§ Assignment
Look below for the line with "El escenario de"; begin the copy there and stop after the line with "Ladenie, porozumenie tabulatúre, pravá", keeping the text exact and the pictures out.

§ Exercise material
⁂

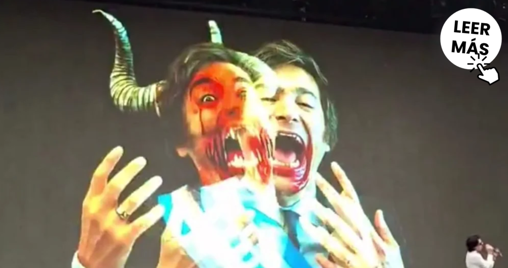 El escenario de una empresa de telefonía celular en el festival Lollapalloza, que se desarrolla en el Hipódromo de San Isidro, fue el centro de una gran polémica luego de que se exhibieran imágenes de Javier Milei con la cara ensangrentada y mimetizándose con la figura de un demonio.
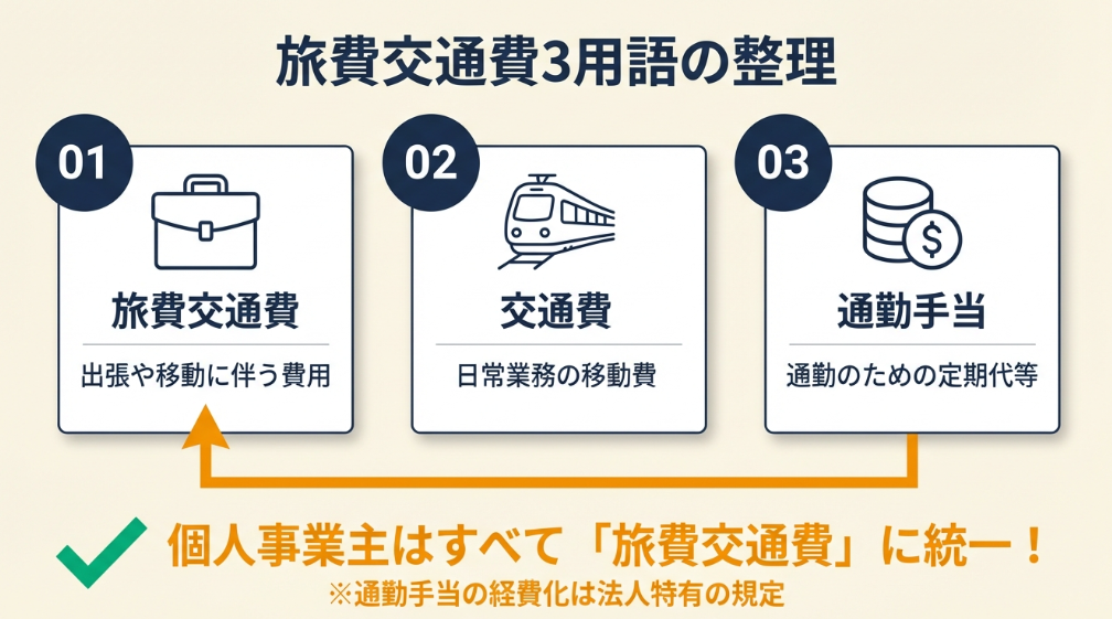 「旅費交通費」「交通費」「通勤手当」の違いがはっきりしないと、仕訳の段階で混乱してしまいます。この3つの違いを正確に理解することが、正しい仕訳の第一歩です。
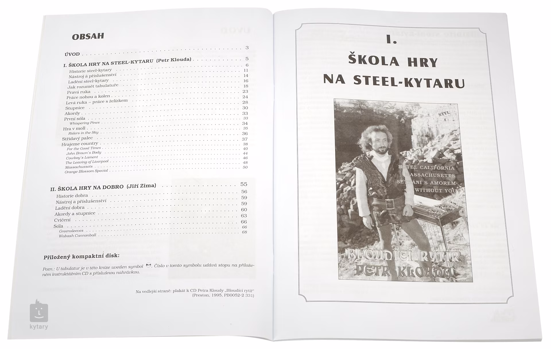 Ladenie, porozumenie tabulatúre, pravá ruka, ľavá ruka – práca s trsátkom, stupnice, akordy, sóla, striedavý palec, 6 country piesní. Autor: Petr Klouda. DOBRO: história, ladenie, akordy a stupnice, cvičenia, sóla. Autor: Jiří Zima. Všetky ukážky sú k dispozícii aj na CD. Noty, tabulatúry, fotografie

⁂

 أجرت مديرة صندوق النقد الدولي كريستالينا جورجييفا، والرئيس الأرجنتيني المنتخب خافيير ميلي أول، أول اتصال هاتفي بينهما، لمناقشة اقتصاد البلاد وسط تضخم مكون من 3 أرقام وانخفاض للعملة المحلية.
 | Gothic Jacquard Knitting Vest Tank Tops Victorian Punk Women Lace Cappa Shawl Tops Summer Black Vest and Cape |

⁂

§ Task answer
 El escenario de una empresa de telefonía celular en el festival Lollapalloza, que se desarrolla en el Hipódromo de San Isidro, fue el centro de una gran polémica luego de que se exhibieran imágenes de Javier Milei con la cara ensangrentada y mimetizándose con la figura de un demonio.
 「旅費交通費」「交通費」「通勤手当」の違いがはっきりしないと、仕訳の段階で混乱してしまいます。この3つの違いを正確に理解することが、正しい仕訳の第一歩です。
 Ladenie, porozumenie tabulatúre, pravá ruka, ľavá ruka – práca s trsátkom, stupnice, akordy, sóla, striedavý palec, 6 country piesní. Autor: Petr Klouda. DOBRO: história, ladenie, akordy a stupnice, cvičenia, sóla. Autor: Jiří Zima. Všetky ukážky sú k dispozícii aj na CD. Noty, tabulatúry, fotografie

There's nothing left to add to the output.